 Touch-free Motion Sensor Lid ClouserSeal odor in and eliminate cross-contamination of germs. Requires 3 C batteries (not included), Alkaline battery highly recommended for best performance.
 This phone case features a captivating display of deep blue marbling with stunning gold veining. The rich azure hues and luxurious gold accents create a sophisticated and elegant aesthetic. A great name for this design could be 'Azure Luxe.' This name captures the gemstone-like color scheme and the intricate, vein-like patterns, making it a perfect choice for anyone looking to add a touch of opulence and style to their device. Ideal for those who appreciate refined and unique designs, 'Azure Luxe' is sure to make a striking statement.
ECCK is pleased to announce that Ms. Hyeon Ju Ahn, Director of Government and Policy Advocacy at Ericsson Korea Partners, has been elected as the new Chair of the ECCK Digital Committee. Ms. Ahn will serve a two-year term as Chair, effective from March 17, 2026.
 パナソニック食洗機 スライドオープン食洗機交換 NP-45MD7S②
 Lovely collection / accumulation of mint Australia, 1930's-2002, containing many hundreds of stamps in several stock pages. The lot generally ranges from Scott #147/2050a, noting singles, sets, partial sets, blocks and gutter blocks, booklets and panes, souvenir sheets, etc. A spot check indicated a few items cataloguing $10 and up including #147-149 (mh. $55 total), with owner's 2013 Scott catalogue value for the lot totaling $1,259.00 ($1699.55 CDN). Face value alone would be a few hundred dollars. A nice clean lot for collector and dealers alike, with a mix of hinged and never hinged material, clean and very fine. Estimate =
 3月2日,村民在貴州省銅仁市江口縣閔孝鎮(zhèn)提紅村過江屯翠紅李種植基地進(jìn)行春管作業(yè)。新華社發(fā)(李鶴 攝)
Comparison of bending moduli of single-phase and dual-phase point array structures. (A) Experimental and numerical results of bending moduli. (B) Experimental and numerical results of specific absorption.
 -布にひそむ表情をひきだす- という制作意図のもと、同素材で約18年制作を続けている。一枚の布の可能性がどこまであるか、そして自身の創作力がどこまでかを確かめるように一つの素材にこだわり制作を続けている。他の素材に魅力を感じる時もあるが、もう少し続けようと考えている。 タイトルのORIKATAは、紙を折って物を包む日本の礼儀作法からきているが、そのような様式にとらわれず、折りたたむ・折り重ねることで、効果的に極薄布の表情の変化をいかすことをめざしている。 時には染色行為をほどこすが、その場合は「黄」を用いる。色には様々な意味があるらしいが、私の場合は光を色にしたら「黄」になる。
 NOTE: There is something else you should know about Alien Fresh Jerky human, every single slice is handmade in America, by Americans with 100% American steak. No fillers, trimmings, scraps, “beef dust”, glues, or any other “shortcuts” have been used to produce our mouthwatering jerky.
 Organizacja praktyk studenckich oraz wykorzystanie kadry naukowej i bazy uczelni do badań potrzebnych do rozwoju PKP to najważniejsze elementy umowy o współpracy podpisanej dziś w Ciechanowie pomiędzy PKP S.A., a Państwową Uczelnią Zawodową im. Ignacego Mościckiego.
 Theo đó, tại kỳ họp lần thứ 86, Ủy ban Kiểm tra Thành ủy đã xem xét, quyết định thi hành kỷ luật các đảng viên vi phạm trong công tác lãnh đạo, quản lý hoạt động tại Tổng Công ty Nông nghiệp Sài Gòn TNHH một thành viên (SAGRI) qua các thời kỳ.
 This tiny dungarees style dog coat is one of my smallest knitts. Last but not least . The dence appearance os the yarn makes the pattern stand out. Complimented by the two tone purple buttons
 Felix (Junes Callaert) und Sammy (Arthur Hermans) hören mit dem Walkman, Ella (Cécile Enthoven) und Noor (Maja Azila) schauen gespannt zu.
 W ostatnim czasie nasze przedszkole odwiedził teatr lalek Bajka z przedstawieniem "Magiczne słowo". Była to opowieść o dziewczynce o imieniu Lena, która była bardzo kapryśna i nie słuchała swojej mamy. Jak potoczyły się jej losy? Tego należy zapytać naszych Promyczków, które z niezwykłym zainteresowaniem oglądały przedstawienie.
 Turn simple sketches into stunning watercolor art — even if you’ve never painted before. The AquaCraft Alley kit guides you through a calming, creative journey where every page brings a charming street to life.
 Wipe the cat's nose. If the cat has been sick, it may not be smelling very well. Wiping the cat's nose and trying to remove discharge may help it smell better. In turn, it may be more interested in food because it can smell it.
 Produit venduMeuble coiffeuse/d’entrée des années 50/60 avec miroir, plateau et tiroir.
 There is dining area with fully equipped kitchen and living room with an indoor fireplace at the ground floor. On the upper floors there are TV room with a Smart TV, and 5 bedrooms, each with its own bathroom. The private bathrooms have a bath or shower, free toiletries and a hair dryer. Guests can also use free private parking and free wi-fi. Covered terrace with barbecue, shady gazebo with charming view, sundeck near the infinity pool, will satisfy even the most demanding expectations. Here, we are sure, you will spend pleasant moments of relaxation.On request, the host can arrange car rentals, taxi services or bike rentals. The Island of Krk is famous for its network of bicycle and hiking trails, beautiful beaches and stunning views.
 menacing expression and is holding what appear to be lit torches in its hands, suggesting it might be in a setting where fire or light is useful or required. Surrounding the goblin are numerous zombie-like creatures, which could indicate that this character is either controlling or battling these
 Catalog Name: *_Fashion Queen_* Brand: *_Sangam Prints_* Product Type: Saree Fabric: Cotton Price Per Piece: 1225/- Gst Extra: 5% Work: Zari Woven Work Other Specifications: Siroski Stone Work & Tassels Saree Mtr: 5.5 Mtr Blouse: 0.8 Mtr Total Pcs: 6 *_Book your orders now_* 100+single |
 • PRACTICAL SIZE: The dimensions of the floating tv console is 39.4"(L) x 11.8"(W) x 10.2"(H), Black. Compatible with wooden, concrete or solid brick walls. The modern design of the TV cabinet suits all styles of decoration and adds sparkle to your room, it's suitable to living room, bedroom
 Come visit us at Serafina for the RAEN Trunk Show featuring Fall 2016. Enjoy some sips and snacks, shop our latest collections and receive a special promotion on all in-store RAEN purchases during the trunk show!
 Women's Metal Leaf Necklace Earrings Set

Directions for this task
Return the lines of the listing above exactly as they appear, starting with the first and stopping after the line that holds "Lovely collection /".

Result below
 Touch-free Motion Sensor Lid ClouserSeal odor in and eliminate cross-contamination of germs. Requires 3 C batteries (not included), Alkaline battery highly recommended for best performance.
 This phone case features a captivating display of deep blue marbling with stunning gold veining. The rich azure hues and luxurious gold accents create a sophisticated and elegant aesthetic. A great name for this design could be 'Azure Luxe.' This name captures the gemstone-like color scheme and the intricate, vein-like patterns, making it a perfect choice for anyone looking to add a touch of opulence and style to their device. Ideal for those who appreciate refined and unique designs, 'Azure Luxe' is sure to make a striking statement.
ECCK is pleased to announce that Ms. Hyeon Ju Ahn, Director of Government and Policy Advocacy at Ericsson Korea Partners, has been elected as the new Chair of the ECCK Digital Committee. Ms. Ahn will serve a two-year term as Chair, effective from March 17, 2026.
 パナソニック食洗機 スライドオープン食洗機交換 NP-45MD7S②
 Lovely collection / accumulation of mint Australia, 1930's-2002, containing many hundreds of stamps in several stock pages. The lot generally ranges from Scott #147/2050a, noting singles, sets, partial sets, blocks and gutter blocks, booklets and panes, souvenir sheets, etc. A spot check indicated a few items cataloguing $10 and up including #147-149 (mh. $55 total), with owner's 2013 Scott catalogue value for the lot totaling $1,259.00 ($1699.55 CDN). Face value alone would be a few hundred dollars. A nice clean lot for collector and dealers alike, with a mix of hinged and never hinged material, clean and very fine. Estimate =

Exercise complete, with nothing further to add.